His second argument is that it’s a response to societal concerns. He’s quite convincing on this. In the wake of nuclear bomb testing, we saw a rash of stories about radioactive monstrosities. When America hounded itself over a ‘red menace’, you saw stories infused with paranoia and infiltration of society by unseen dangers. And so on and on. He argues that horror is about reinforcing the norm, and its moral codes, against threats to those social rules. So yes, you see taboos enacted and morality trampled, but in the service of underlining the necessity for those things, like when you imagine a world without Terry’s Chocolate Oranges to drive home that this world is worth living in after all.
Personally I really like it when horror exercises current issues, but I don’t like it too on-the-nose. Antebellum is a good film but it’s writ too large to get too deep. The Hunt, too, is too explicit in that. Something like Get Out, or His House, is much more effective, because, as King himself says, “I like my stories without billboards”.
Finally – and while I agree with all of those points, this is the argument I find myself most aligned with – there’s the simple element of taking a good look at the things that scare or repel us. Political fears, yes, but also taboos, specifically and obviously death and its grim handmaidens. Part of the appeal of gruesome horror is that we see the internal workings of our bodies; we’re forced to face the fact that although we collectively agree to pretend that we’re more than the sum of our parts, the truth is that we can be so easily reduced to tubes and liquid, and then decay. Other taboos are explored too: sexual promiscuity, or how it would be to really dance over social lines and eat other people like they were giant walking Doritos. All of these are explored in horror, either with sensitivity or gratuitousness, and the value of the film depends on where on that line it sits.
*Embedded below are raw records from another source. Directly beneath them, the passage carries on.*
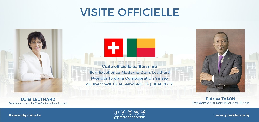La Présidente de la Confédération Suisse, Son Excellence Madame Doris Leuthard, effectuera une visite officielle dans notre pays le Bénin à partir de ce jour mercredi 12 juillet 2017 à l’invitation de Son Excellence Monsieur Patrice Talon, Président de la République, Chef de l’Etat, Chef du gouvernement.
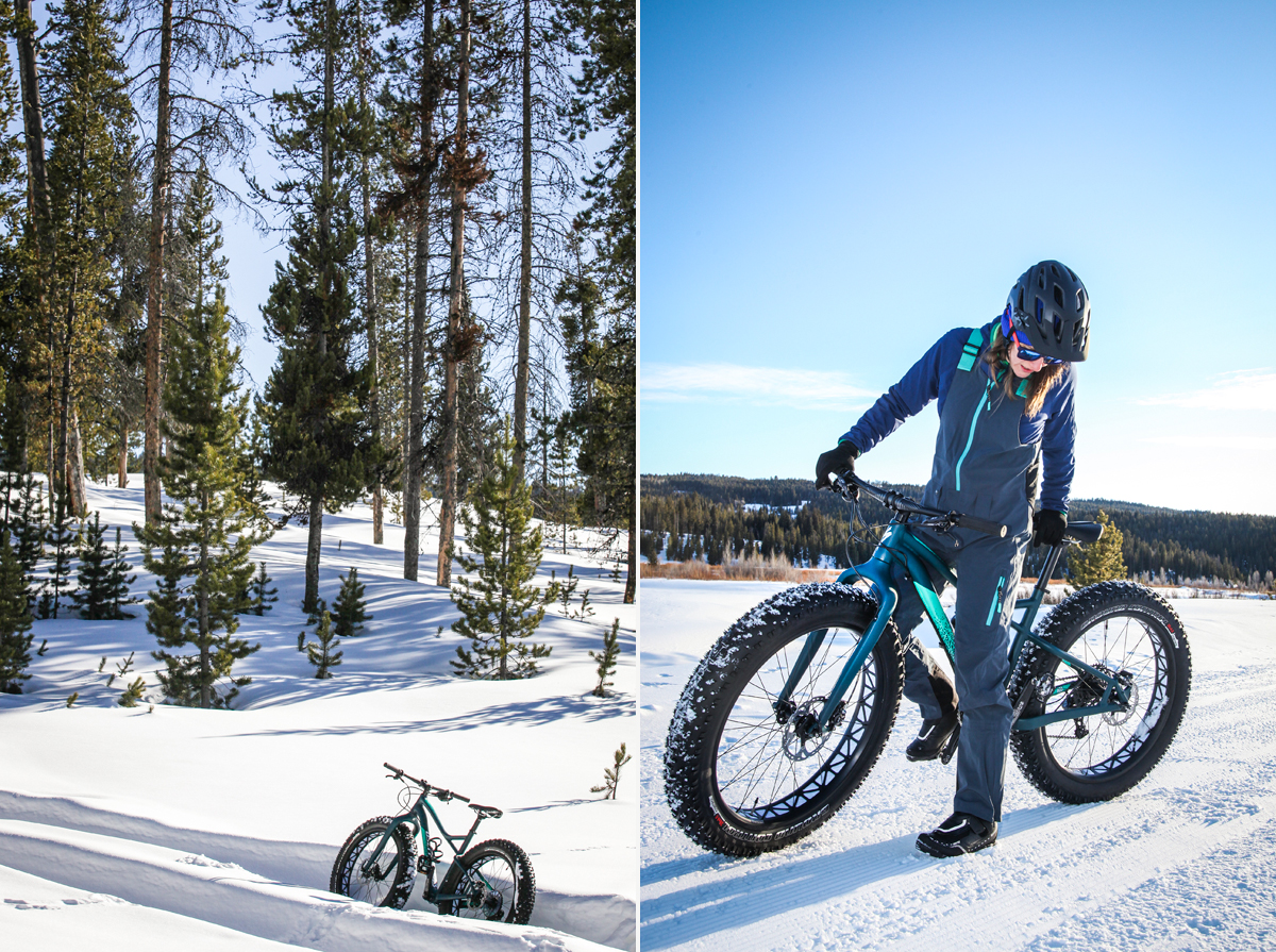 We tested the Hellga on groomed trails on the picturesque property of Turpin Meadows in Jackson Hole, Wyoming. The Hellga charged all the flatter trails as expected, but we were especially impressed with its performance on the uphills in the afternoon, when the snow was at its softest. The bike felt powerful and stable, even on steep descents on the melting slippery snow. Further, it felt more comfortable than any gender-neutral fat bike with little to no repositioning of the body needed to stabilize or climb.
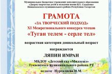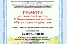 Грамота 11Межрегионального конкурса чтецов"Туган телем-серле тел" 12.02.2024
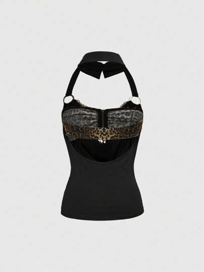 ROMWE J-Fashion ملابس علوية نسائية بدون أكمام مزخرفة بجلد الفهد وعنق متدلٍ، رائعة لموضة Y2K واسلوب هاراجوكو

Which isn’t to say that gross-out horror is necessarily gratuitous, or unnecessary. He makes a point of appreciating ‘junk food’ – saying that if he hears there’s an audience laughing at a horror film, he rushes out to see it. Sometimes horror done badly brings its own sort of catharsis to the table. It doesn’t mean it doesn’t have any artistic merit, although there is plenty of horror – and non-horror – that’s entirely devoid of merit whatsoever.
There’s a whole bunch of other stuff in here too – King separates modern horror villains into three distinct camps: The Vampire, The Werewolf and The Thing Without A Name. I don’t totally agree with this analysis – for example, for me zombies don’t fit into any of those categories neatly – but it’s as good a structure as any to play around with. And as you’d expect, he runs through a lorra lorra books, radio shows, TV programmes and films with very enjoyable dissections. So if any of that piques your interest, it’s definitely a good goer.
If I had to make criticisms (which I don’t, but I will, because I’m that kind of jerk), I’d say that I’d have preferred a breadth of analysis across more examples of the genre rather than delving deeply into fewer of them. It makes sense to dig into a few of them hard, but what we’re really talking about here are patterns of thought, motivation and cultural fashions, and I felt that got a bit lost. I also felt like he ruined the end of a lot of to-read books and to-watch films for me. But give the guy a break, it’s hard to present an analysis of something without going into plot details.
I’ll give him the final word in this review:
“Here is the final truth of horror movies: They do not love death, as some have suggested; they love life. They do not celebrate deformity but by dwelling on deformity, they sing of health and energy. By showing us the miseries of the damned, they help us to rediscover the smaller (but never petty) joys of our own lives. They are the barber’s leeches of the psyche, drawing not bad blood but anxiety… for a little while, anyway.”